DATA SHOWN START

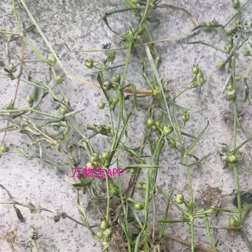为带根的干燥全草,扭缠成团状,表面灰绿色至灰棕色,有主根一条,粗约2~4毫米,须根纤细,淡灰棕色;茎细高卷曲,质脆易折断,中央有白色髓部;叶子对生,具短柄或无柄,为狭长线形,革质,多破碎,极皱缩,易脱落;有托叶,长1~2毫米;花为叶腋单生,无柄或近于无柄,花萼筒状,4裂,裂片边缘具短刺毛,花冠呈漏斗形;蒴果呈扁球形,室背开裂,花萼宿存,种子棕黄色,极细小;闻之气微,口尝味淡。
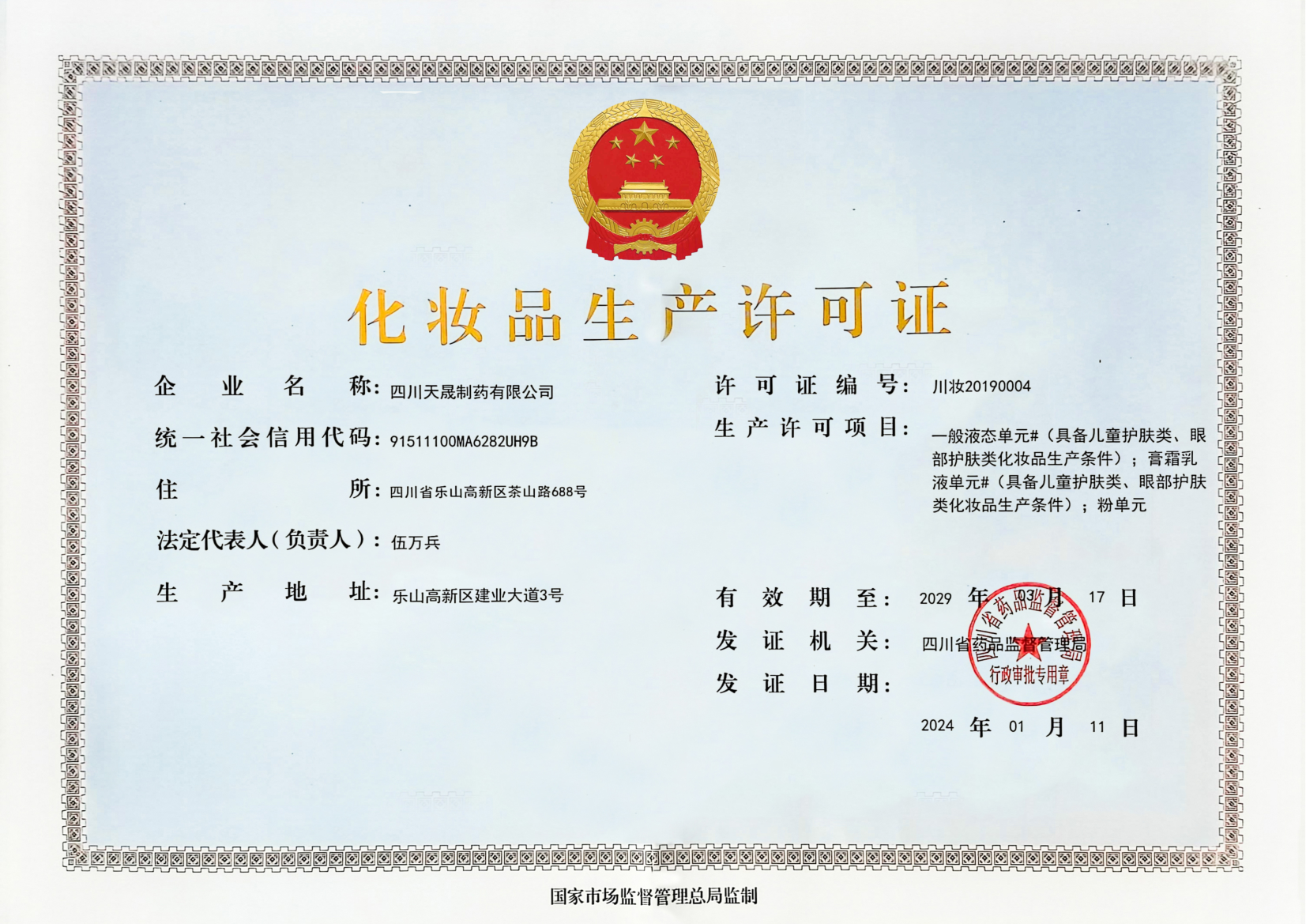 四川天晟成立于2015年,隶属于晟氏健康公司,位于四川省乐山国家高新技术产业开发区,是一家集自主研发与生产的中成药品和院内制剂、医美级化妆品和洗化产品、消字号产品、功能营养食品和保健食品的国家高新技术企业。
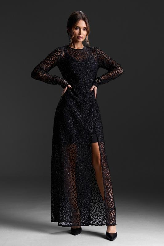 ‼️ТЕРМИН ОТПРАВКИ 2-5 РАБОЧЫХ ДНЕЙ!!️ФОТО РЕАЛ ‼️ Черное вечернее платье в максе длине с разрезом, выполненное из гипюра с люрексом. Модель прямого кроя с длинными прямыми рукавами и закрытой горловиной на пуговице. Под низом короткая комбинация. Размер: S, L, 2XL 15428
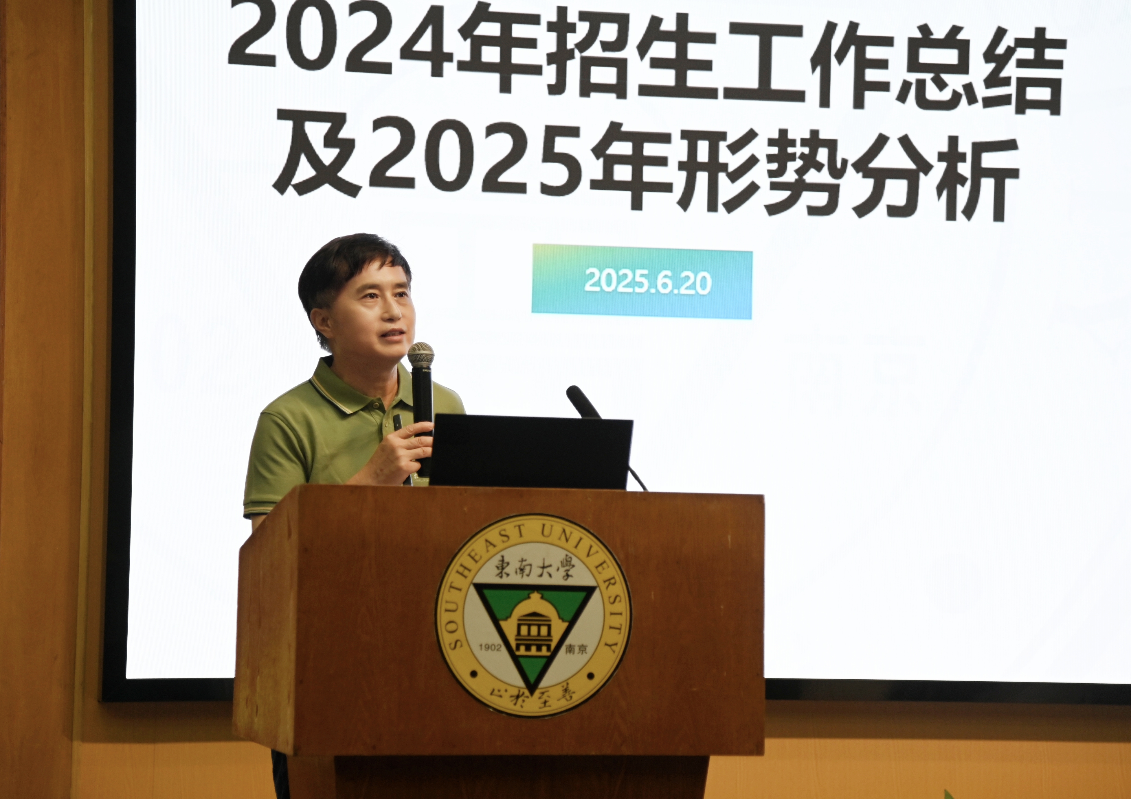 会议分为招生工作总结动员和业务培训两个阶段。在总结动员阶段,学生处处长施杰首先作2024年招生工作总结及形势分析,系统回顾了2024年招生录取情况及工作措施,分析了2025年招生工作形势和招生工作变化。苏州招生组潘天娇老师随后分享了招生宣传的实战经验,从精准对接、服务细节和品牌传播等角度为与会人员提供了宝贵经验。

DATA SHOWN END

TASK BRIEF >> Give back the full listing verbatim, skipping each picture.

WRITTEN REPLY >>
为带根的干燥全草,扭缠成团状,表面灰绿色至灰棕色,有主根一条,粗约2~4毫米,须根纤细,淡灰棕色;茎细高卷曲,质脆易折断,中央有白色髓部;叶子对生,具短柄或无柄,为狭长线形,革质,多破碎,极皱缩,易脱落;有托叶,长1~2毫米;花为叶腋单生,无柄或近于无柄,花萼筒状,4裂,裂片边缘具短刺毛,花冠呈漏斗形;蒴果呈扁球形,室背开裂,花萼宿存,种子棕黄色,极细小;闻之气微,口尝味淡。
 四川天晟成立于2015年,隶属于晟氏健康公司,位于四川省乐山国家高新技术产业开发区,是一家集自主研发与生产的中成药品和院内制剂、医美级化妆品和洗化产品、消字号产品、功能营养食品和保健食品的国家高新技术企业。
 ‼️ТЕРМИН ОТПРАВКИ 2-5 РАБОЧЫХ ДНЕЙ!!️ФОТО РЕАЛ ‼️ Черное вечернее платье в максе длине с разрезом, выполненное из гипюра с люрексом. Модель прямого кроя с длинными прямыми рукавами и закрытой горловиной на пуговице. Под низом короткая комбинация. Размер: S, L, 2XL 15428
 会议分为招生工作总结动员和业务培训两个阶段。在总结动员阶段,学生处处长施杰首先作2024年招生工作总结及形势分析,系统回顾了2024年招生录取情况及工作措施,分析了2025年招生工作形势和招生工作变化。苏州招生组潘天娇老师随后分享了招生宣传的实战经验,从精准对接、服务细节和品牌传播等角度为与会人员提供了宝贵经验。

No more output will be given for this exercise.